Enhancing Pediatric Decision-Making: Australian Law Allows Children to Complete Advanced Directives

It always interesting to see how different countries handle pediatric decision-making in health care. For example, Australia now has shifted more towards respecting minors’ autonomy with its recent legislation. I first heard about this law during the Legal Update at the American Society of Bioethics and Humanities Annual Meeting this past October. The new law in Victoria, Australia coming into effect in March 2018 will require physicians to honor advanced directives written by children. Any child with capacity will be allowed to write their own advanced directives. There is no age limit as for who can write an advanced directive. The advanced directives must still be signed and witnessed, like adult advanced directives, and one of the witnesses must be a medical practitioner who must certify the person appears to have decision-making capacity and understands the effect of statements made.

This law will in essence create a situation where substituted judgment standard of decision making may become applicable. Traditionally, we use best interests’ standard for decision making in children because they are presumed to lack capacity and therefore can not make valid past preferences. However, if an advanced directive written by a child is valid, then we would have valid preferences and some evidence in order to navigate substituted judgment on behalf on the child patient. This will expand decision-making standards for children as well as avoid concerns of parents not having best interests of the child in mind.

This law will also call into question the practice of using assent verse consent for minors. The law is giving weight and value to a written stated preference but yet, we may not be honoring the verbal preferences of those same individuals. For example, a 15-year-old could write an advanced directive that would be valid but verbal consent for that same 15-year-old may not be valid if we are operating under the same traditional parental authority/ child assent model. It reinforces the age-old presumption that a written preference is more valid than a verbal preference, simply because it can last the trial of time and is an easier form of evidence to prove. Granted, the design of advanced directives is to govern in the future when the individual loses capacity. However, advanced directives also operate under the premise that the individual completing them have capacity to do so, implicitly also the capacity to consent to treatment. This new law gives children some authority for their future selves but no authority around their current selves.

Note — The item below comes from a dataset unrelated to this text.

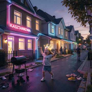 [Verse 1] Na Kasztanowej błyska każdy dom Sąsiad z sąsiadem już podbija front Grill się rozgrzewa, leje się sok Dzieci na trawie tańczą w młynek w bok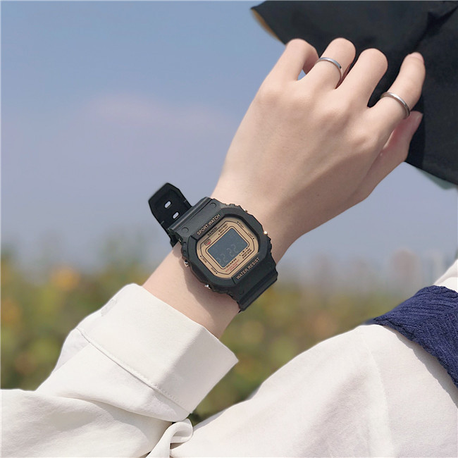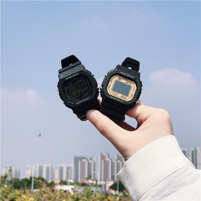 【日式原宿方塊錶】【多功能】日式原宿氣質小方塊矽膠液晶數顯多功能運動電子手錶

For those in favor of including children in the health care decision making process, this seems like a great idea. This may also seem like a great idea for proponents of increasing advanced health care planning. However, it some ways this exacerbates the issues raised both in considering pediatric decision-making and honoring advanced directives. For example, should an adolescent patient make decisions for their future adult self (the unresolvable question of how much control the present self should have over the future self)? This seems more applicable to the pediatric population as developmentally adolescents are changing so much over a short period of time (in comparison to a lifespan). Having such a law makes sense for terminally-ill mature minors with capacity who may not live for a full lifespan, assuming of course they have contemplated, understand, and appreciate their medical circumstances. What a child may want one day may dramatically change the next. It is a step forward to properly enhancing children in health care decision making but it should be a cautionary step forward. Overall, this raises the question of how much autonomy is truly necessary for healthcare decision making. 

The Alden March Bioethics Institute offers a Master of Science in Bioethics, a Doctorate of Professional Studies in Bioethics, and a Graduate Certificate in Clinical Ethics. For more information on AMBI's online graduate programs, please visit our website.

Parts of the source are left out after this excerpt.